Effect of the Tank Volume and Aspect Ratios on the Storage Capacity in Solid-State Hydrogen Storage: A Numerical Assessment

Abstract Storing hydrogen in solid state is gaining attention enabling for overcoming simultaneously two specific limits of conventional hydrogen storage technologies: storage capacity and safety. Currently, hydrogen is stored as compressed gas (usually, at either 350 or at 700 bar), reaching densities ranging from 24.5 to 41.4 kg/m3, but requiring a significant compression work and determining several safety issues; otherwise, it can be stored in liquid state under cryogenic conditions (70.8 kg/m3 at 1 bar and 20 K), but requiring a great amount of energy for liquefaction (about 12.5 kWh/kg) and costs to keep it liquid. In solid state context, physisorption (also said adsorption) mechanism has been recognized as an attractive technique for its capability of storing hydrogen in a porous structure, with weaker bonds, differently from chemisorption mechanism where hydrogen molecules chemically bonds to the absorbing material forming, for instance, metal hydrides. During adsorption, heat is released and thermal management can become an issue when the tank volume is increased. This work aims to numerically investigate the effect of increasing the tank volume on the solid-state hydrogen storage capacity. Moreover, the effect of the tank aspect-ratio is considered.
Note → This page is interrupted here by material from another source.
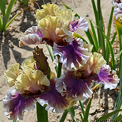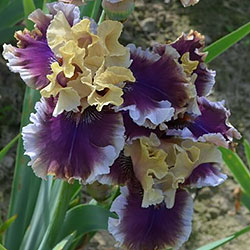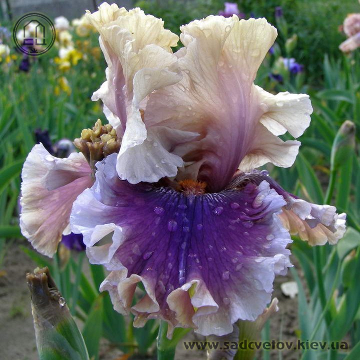 Широка паруюча квітка повна гофр. Світлі устрично-кремові ст. , Ф. з фіолетово-червоним переливом і бузково-кремовою облямівкою. Сильний солодкий аромат!

The investigation has been carried out through Computational Fluid Dynamic analyses. The modified Dubinin-Astakhov isotherm model has been taken into account to describe the isotherm sorption during charge, dormancy, and discharge processes. Initially, the model has been validated on a 2.5 dm3 tank, against experimental results available in the literature; then, the geometry has been scaled by a factor of 10, and several aspect ratio considered. The numerical study was conducted considering three different aspect ratios (i.e., 5, 8.5, and 15), whilst keeping the internal volume constant. In this work, it is shown that larger aspect ratios can lead to improved adsorbed mass and decreased maximum temperatures in the system.